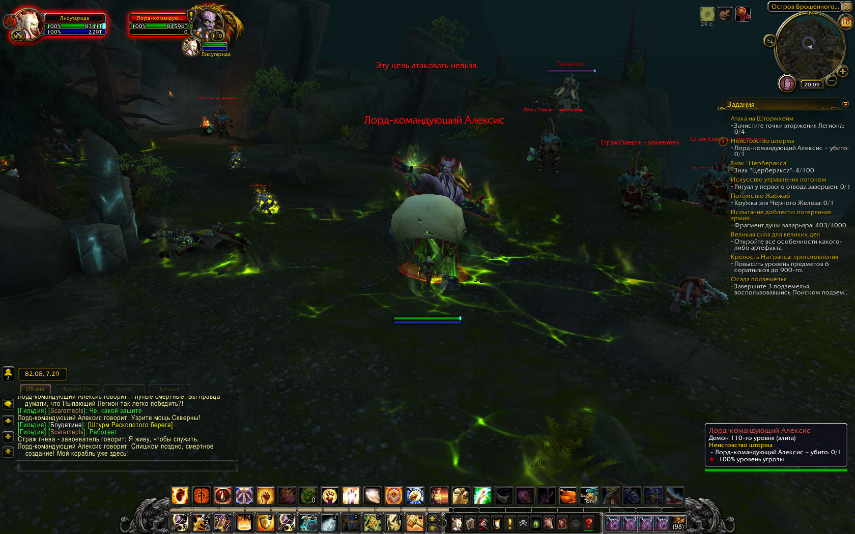 Сделала, как сказал человек выше, я отменила задание на 4 точки вторжения и получила задание дальше. Но теперь новая проблема: требуется убить лорда-командующего Алексиса, а его даже ударить нельзя. Я уже начинала делать задание заново, не пропускала ролик появления, но ударить его нельзя, мои друзья так же не могут этого сделать. WoWScrnShot_071119_010912.jpg (381,519 bytes) |
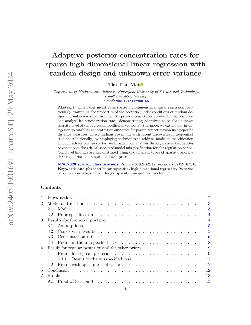 This paper investigates sparse high-dimensional linear regression, particularly examining the properties of the posterior under conditions of random design and unknown error variance. We provide consistency results for the posterior and analyze its concentration rates, demonstrating adaptiveness to the unknown sparsity level of the regression coefficient vector. Furthermore, we extend our investigation to establish concentration outcomes for parameter estimation using specific distance measures. These findings are in line with recent discoveries in frequentist studies. Additionally, by employing techniques to address model misspecification through a fractional posterior, we broaden our analysis through oracle inequalities to encompass the critical aspect of model misspecification for the regular posterior. Our novel findings are demonstrated using two different types of sparsity priors: a shrinkage prior and a spike-and-slab prior.
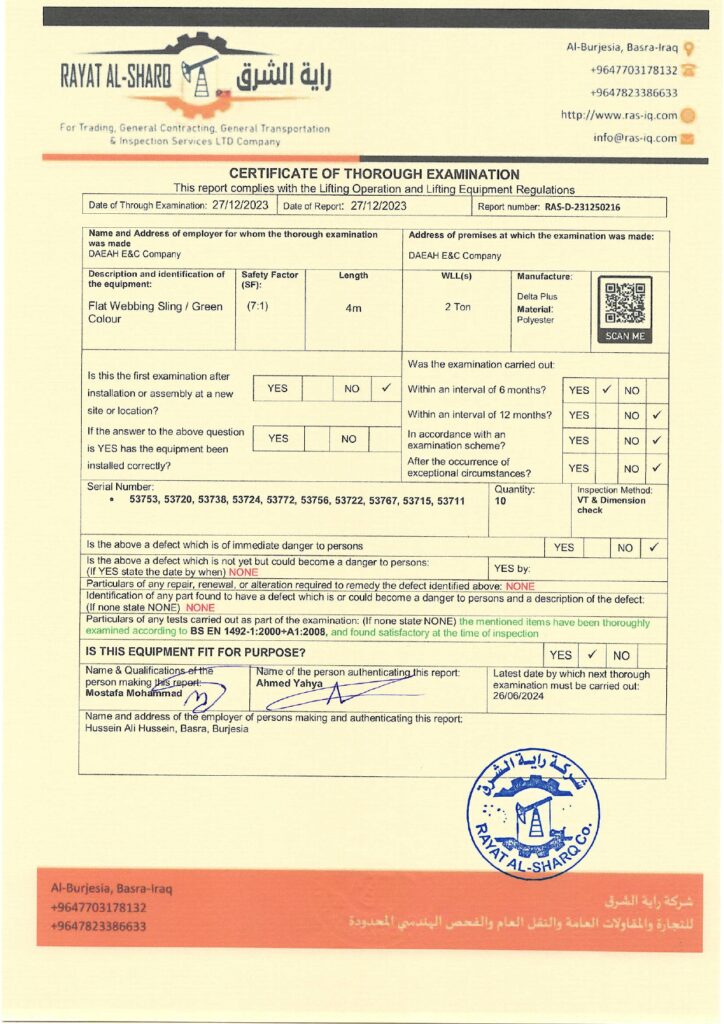 LIFTING INSPECTION
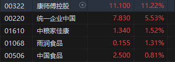 食物股集体冲高,康师父控股涨超11%。音讯面上,高盛引述康师父管理层指昨年销量或会受到涨价影响(昨年10月起简短面价钱上调),但料昨年纯利增长主张(10%至15%)有上行后劲。2025年瞻望方面,康师父但愿2025年营收将踏实成长,且净利润率将执续改善。另外,大摩督察康师父控股“增执”评级,主张价降至11.3港元。
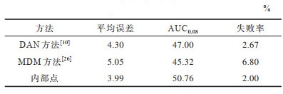 从表 4的数据可知,在仅对内部51个关键点进行评估时,AUC0.08的值要远高于最好的算法DAN的AUC0.08值,失败率比DAN算法降低了0.67个百分点,比MDM方法降低了4.8个百分点,说明本文设计的方法有良好的关键点定位效果。表 4中的结果与在300W公共数据集上的得到的结论一致,说明了本文设计算法的有效性和稳定性。
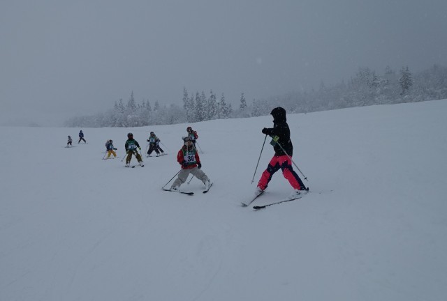 職員やスクール指導員の方に加えて、13人の保護者ボランティアのみなさんからおいでいただいたおかげで、小グループでスキー練習をすることができました。
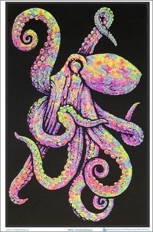 23 x 35" black light velvet poster. Nestle into the fluorescent inky depths of the octopus garden with this fuzzy black light poster. A psychedelic rainbow trip to keep you at one with your animal friends.
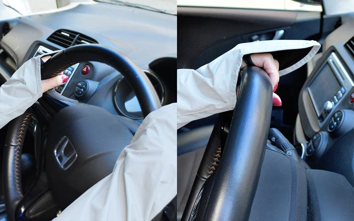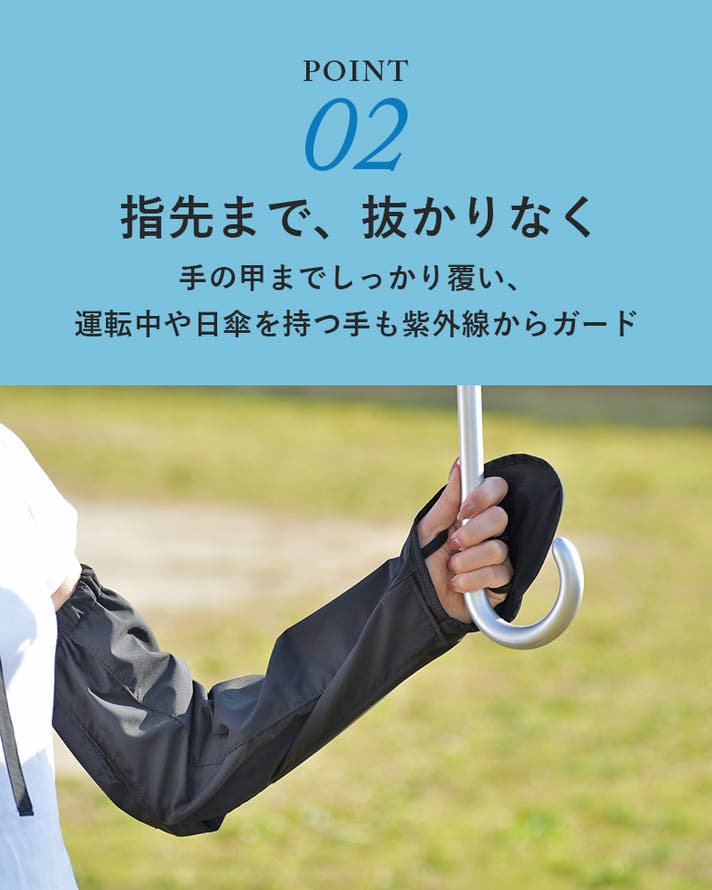 手の甲までしっかり覆う設計で、日常の動作中も紫外線対策を意識せずに続けられます。ハンドルを握る運転中や、日傘・ベビーカーを押す場面など、太陽に向きやすい手元もしっかりカバー。
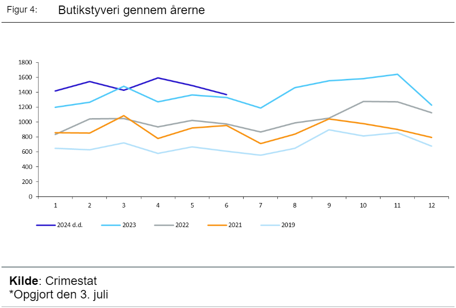 I maj 2024, blev der imidlertid registreret 1.491 butikstyverier. Dermed er der registreret knapt 9 pct færre butikstyverier i juni 2024, end i maj 2024.
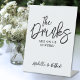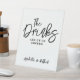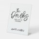 This custom sign features a simple black and white design with a clean white background and crisp black fonts for a timeless look. “The Drinks Are On Us” is displayed in a mix of elegant handwritten script and classic serif fonts, with “Cheers” adding a fun finishing touch. It’s a stylish way to let guests know it’s an open bar.

========================

# What the exercise asks
Output exactly the lines from the line with "your animal friends." to the last line of the records, including both, and leave every picture out.

# Solution to this exercise
 23 x 35" black light velvet poster. Nestle into the fluorescent inky depths of the octopus garden with this fuzzy black light poster. A psychedelic rainbow trip to keep you at one with your animal friends.
 手の甲までしっかり覆う設計で、日常の動作中も紫外線対策を意識せずに続けられます。ハンドルを握る運転中や、日傘・ベビーカーを押す場面など、太陽に向きやすい手元もしっかりカバー。
 I maj 2024, blev der imidlertid registreret 1.491 butikstyverier. Dermed er der registreret knapt 9 pct færre butikstyverier i juni 2024, end i maj 2024.
 This custom sign features a simple black and white design with a clean white background and crisp black fonts for a timeless look. “The Drinks Are On Us” is displayed in a mix of elegant handwritten script and classic serif fonts, with “Cheers” adding a fun finishing touch. It’s a stylish way to let guests know it’s an open bar.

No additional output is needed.